**THE TASK**
Output the line that contains "Puente y Almeida" together with each line after it, through the final line of the listing below, word for word; omit pictures.

**SOURCE MATERIAL**
#####
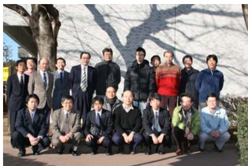
飼料用水稲品種研究開発グループ

全国で生産される稲発酵粗飼料の半分以上が当グループの育成した品種によると推定されています。また、飼料米としての利用も急速に広がっており、今後さらに利用の拡大が見込まれています。飼料用水稲品種の利用は、国内で大きな需要がある飼料の生産を行いながら水田の機能を完全に保つことを可能とし、さらに、国際食料価格が急騰した場合でも飼料生産から食用米への切り替えが容易になることから、食料の安全保障に大きく貢献できます。
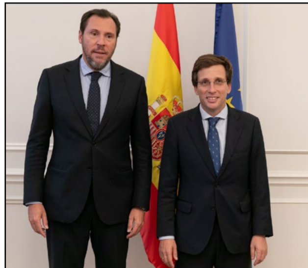
Puente y Almeida
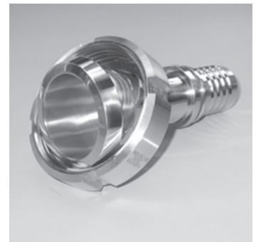
Kegelstutzen mit reduziertem Schlauchstutzen
#####
**RESPONSE**
Puente y Almeida
Kegelstutzen mit reduziertem Schlauchstutzen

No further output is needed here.